Pokemon Go arrived at our house in 2016 via my daughters. My husband and I resisted the influx of Pokecritter-seeking energy except for occasional designated driver responsibilities. Not that my oldest daughter can’t drive, you understand, but she wisely decided driving while simultaneously staring at her phone was a questionable decision at best. Whew! Another good life choice! I am a success as a mom.
Sometime in 2018, we had a Pokemon crisis. My older daughter ceased playing and my younger daughter firmly stated that she now needed help with hunting and raids. Yes. Raids. I had no idea Pokemon Go was so violent. Soft-hearted sap that I am, I found myself with a new phone app and a burning (not really) desire to locate something called shiny Pokemon.

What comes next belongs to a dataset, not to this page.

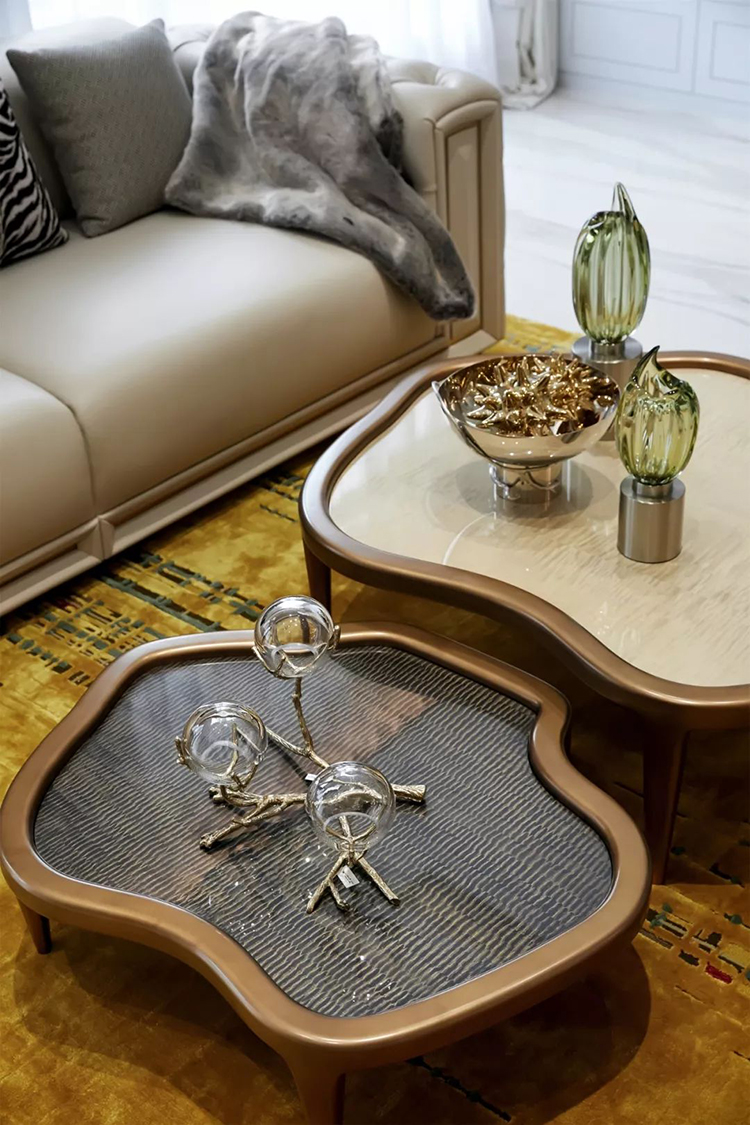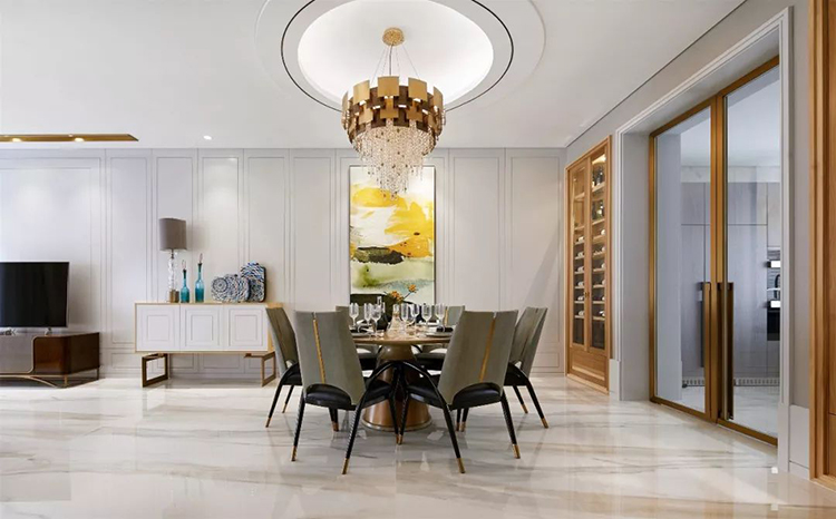 大尺度的落地窗開(kāi)合有度,美好的陽(yáng)光照進(jìn)室內(nèi),金絲卡拉卡塔鋪貼的地面上蕩漾微光,定制的地毯色澤鮮明,與富有藝術(shù)感的家具和燈飾交相輝映。沙發(fā)的柔軟,原木的溫潤(rùn),金屬的華貴,水晶的璀璨、香氛的甜美、音樂(lè)的共鳴……空間不僅是視覺(jué)的,更是人的五感可以感受和觸摸的。

I have started to have Dr. Seuss moments. Every time I turn around there’s a Beedrill in my bedroom, a Pidgey in my fridge, a Rapidash in my bath, a Jigglypuff in my stuff, or a Clefairy in the library. The only one I can find some excuse for is the Electrobuzz in the carpet fuzz. A little static electricity and that kind of makes sense.

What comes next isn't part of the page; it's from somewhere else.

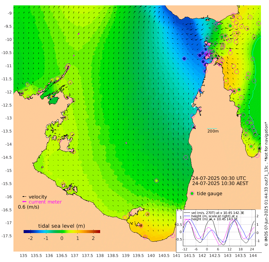 24cm/s 43T +3cm/s rms + 7cm/s -42T. ARA-GOC87 57m 25cm/s -12T +3cm/s rms + 2cm/s -2T. ARA-GOC87 60m 32cm/s 44T +2cm/s rms + 3cm/s 61T. ARA-GOC87 47m 66cm Daru 76cm Bobo Island 31cm Meer Island Barge 56cm Bramble Cay 69cm Unnamed Cay 71cm Pearce Cay 66cm Stephens Island 74cm Merrie England Shoals 72cm Mutacomal Reef 58cm Darnley Island Barge 37cm East Cay 62cm Yorke Island Barge 61cm Rennel Island 67cm Aureed Island 48cm Dungeness Reef 19cm Zagai Island 12cm Yam Island -64cm Dauan Island -57cm Saibai Island -36cm Phipi Reef 9cm Warrior Reef - West -76cm Mabuiag Island Barge 66cm Half Way Island 52cm Coconut Island 60cm Dugong Islet 35cm Poll Island 33cm Kirkcaldie Reef 8cm Suarji Island 26cm Sue Islet -177cm Hawkesbury Island -23cm Alert Patches -9cm Twin Island -162cm Badu Island -16cm St Pauls (Moa Island) -122cm Kubin (Moa Island) -57cm Ince Point -83cm Thursday Island -77cm Nardana Patches -120cm Turtle Head -135cm Round Island -175cm Goods Island -210cm Booby Island -183cm White Rocks Area -189cm Carpentaria -19cm Papou Point -207cm Bampfield Head -181cm Crab Island -192cm Red Wallis Island -142cm Packe Island 70cm Harrington Reef -181cm Herald Camp 3cm Sharp Point -106cm Red Island Point -54cm Possession Island 7cm Alpha Rock 23cm Frederick Point 64cm Wyborn Reef Light 55cm Tetley Island 19cm Triangle Reef 60cm Turtle Head Island 23cm Maclennan Cay 3cm Raine Island 60cm Mcsweeny Reef 54cm Collette Reef 24cm Shadwell Reef 66cm Hannibal Island 55cm Round Point -175cm Vrilya Point 45cm Cape Grenville 37cm Hicks Island 22cm Sir Charles Hardy Island 14cm Harvey Island 33cm Kay Reef 17cm Rocky Island 7cm Chapman Island 4cm Ham Reef 12cm Jubilee Reef 19cm Night Island 6cm Unnamed Reef No. 3 19cm Morris Island 4cm 1st 3 Mile Opening 12cm Creech Reef 25cm Fife Island 22cm Eden Reef 21cm Stanley Island 38cm Normanby River 27cm Yabooma Island 36cm Hutchison River 31cm Elcho Island 32cm North West Crocodile Island 46cm Cape Wessel 54cm Stevens Island 57cm Guluwuru Island 43cm Hopeful Bay 44cm Auster Point 46cm Two Island Bay 59cm Cadell Strait 97cm Mallison Island 55cm Melville Bay (Gove Harbour) 53cm Truant Island 43cm Cape Arnhem 53cm Cape Grey 63cm Hawk Island 81cm Milner Bay (Groote Eylandt) 75cm Cape Beatrice 88cm West Island 87cm Centre Island 94cm Mornington Island 96cm West Wellesley Islands 109cm Bountiful Island 141cm Albert River Mouth 173cm Sweers Island 128cm Karumba 36cm Nassau River Offshore -26cm Christmas Creek -89cm Archer River -113cm Boyd Point -125cm Weipa (Humbug Point) -116cm Pennefather River -160cm Cullen Point

In an effort to instill the Hunt with reason and practicality, we recently knighted our two rescued canines “Official Hunting Dogs”. They excitedly pull us along on high-energy walks as we seek weirdly named cyber-critters who manifest randomly on our phones. I’m still not too sure about the game, but the exercise is good.
Just a sec – timeout – my daughter informs me we must catch the Squirtle in the living room. That just seems wrong – shouldn’t something called a Squirtle be in the bathroom?
I do have to confess that I have some questions about how the technology works and if there are possible oddish effects on the human brain. How does Nintendo park imaginary characters with crazy names around my house, neighborhood, and town? Are these critters just floating around on satellite waves? And if they are floating around, can they float through our brains and affect our thoughts and communication? Would we know if they did? I am seaking to understand this whole phenomenon – I would hate to think we are surrounded by parasects and don’t realize it.
But I am not, after all, a conspearowcy theorist! The whole Pokemon thing appears to be sheer mankey business so I don’t want to get too krabby over it. There are far more important concerns, such as the situations in Kangaskhan and Magmar, and wasn’t there an uprising recently in – I think it’s . . . Kabuto? Gastly situation – it haunters me.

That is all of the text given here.